The MB apple mutant used in this study is a SL-insensitive mutant. Compared to WT, the IAA content and transcription of the IAA transporter PIN were significantly lower, while the ABA and CK contents were higher in the axillary buds of the MB mutant (Tan et al., 2019). Extensive research has established intricate connections between plant hormone signaling and ROS metabolism. Specifically, apoplastic ROS can be induced and regulated by ABA (Li et al., 2022), while auxins can increase O₂^•− production and simultaneously induce the expression of reductases such as PRXs, SODs, and CATs, thereby maintaining ROS homeostasis (Mir et al., 2020). This ROS equilibrium reciprocally regulates polar auxin transport dynamics (Cséplő et al., 2021). Additionally, exogenous SL (GR24) treatment has been shown to reduce H₂O₂ levels in cucumber seedlings (Zhou et al., 2022).

In the tomato system, two NADPH oxidase isoforms, RBOH1 and WFI1, serve as the primary enzymatic sources of apoplastic H₂O₂ production. The accumulation of H₂O₂ in the apoplast functions as a critical secondary messenger that activates auxin biosynthesis pathways in the shoot apical meristem, subsequently downregulates CK biosynthesis in stem tissues (Chen et al., 2016). The consequent hormonal imbalance, characterized by elevated auxin-to-cytokinin ratios, effectively suppresses axillary bud development, thereby maintaining apical dominance. Given the dual enzymatic functionality of MdPRXs-functioning either as H₂O₂-scavenging enzymes that antagonize NADPH oxidase activity or as H₂O₂-generating enzymes analogous to NADPH oxidases, as previously discussed, we propose that the tissue-specific expression patterns of MdPRXs may mediate the observed physiological changes in WB tissues.
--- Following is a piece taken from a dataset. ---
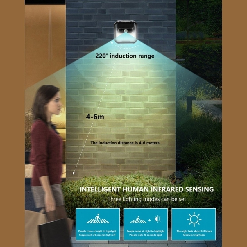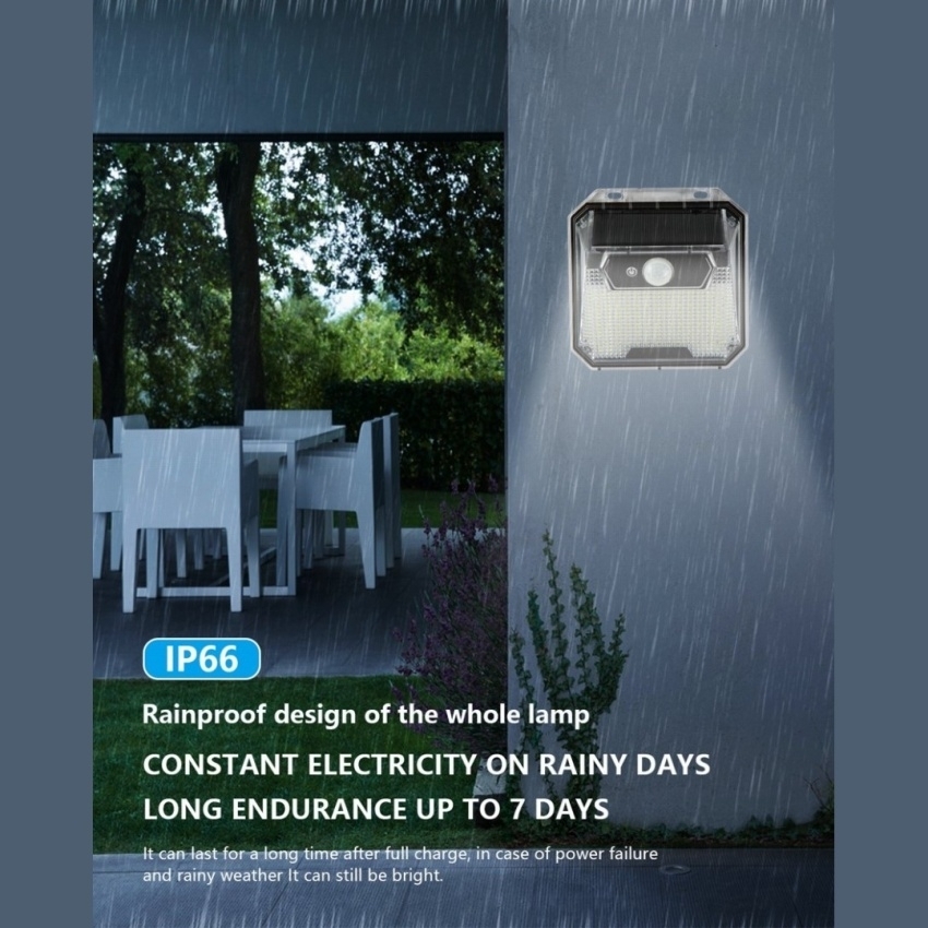 Po setmění se světlo buďautomaticky rozsvítí (mód 1), nebo se rozsvítí po zaznamenání pohybu (mód 2,3).Doba svícení závisí na slunečním svitu, místě instalace, povětrnostních podmínkách a délce denního světla. Úsporné solární nástěnné LED svítidlo se nabíjí sluneční energií, má nulové náklady na provoz. Stupeň krytí IP65 zaručuje voděodolnost reflektoru.

Specifically, these expression patterns likely contribute to the downregulation of PIN-formed auxin transporters and the concomitant elevation of cytokinin levels, potentially through modulation of ROS homeostasis and subsequent hormonal signaling pathways. Furthermore, the resulting hormonal imbalance, involving dynamic changes in IAA, CK, and SL levels, appears to establish a feedback regulatory mechanism that modulates MdPRX expression.
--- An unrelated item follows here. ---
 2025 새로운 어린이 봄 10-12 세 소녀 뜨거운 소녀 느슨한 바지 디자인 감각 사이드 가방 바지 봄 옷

Supporting this hypothesis, cis-element analysis revealed the presence of ABA-, IAA-, and SA-responsive elements in the upstream promoter sequences of MdPRXs. These findings strongly suggest the existence of a feedback regulation network between hormonal signaling pathways and peroxidase-mediated ROS homeostasis. Within this regulatory circuitry, PRXs function as molecular hubs that process hormonal signals to finely tune ROS dynamics, thereby regulating lateral shoot differentiation and growth vigor (Fig. 9). According to our proposed regulatory model (Fig. 9), distinct MdPRX members exhibit specific responsiveness to different plant hormones, enabling precise modulation of ROS (H₂O₂ and O₂^•−) concentrations within OC and elongation zones of axillary buds. This ROS-mediated regulation subsequently influences multiple physiological processes, including auxin biosynthesis, polar auxin transport through PIN proteins, and cytokinin metabolism. The resulting hormonal crosstalk ultimately determines axillary bud developmental fate as well as growth vigor. However, further studies are needed to validate this hypothesis. For instance, over-expressing specific MdPRXs that are up-regulated in sprouting MB2 buds such as MdPRX90/59/27 could provide critical insights into their functional roles and confirm the proposed regulatory mechanism.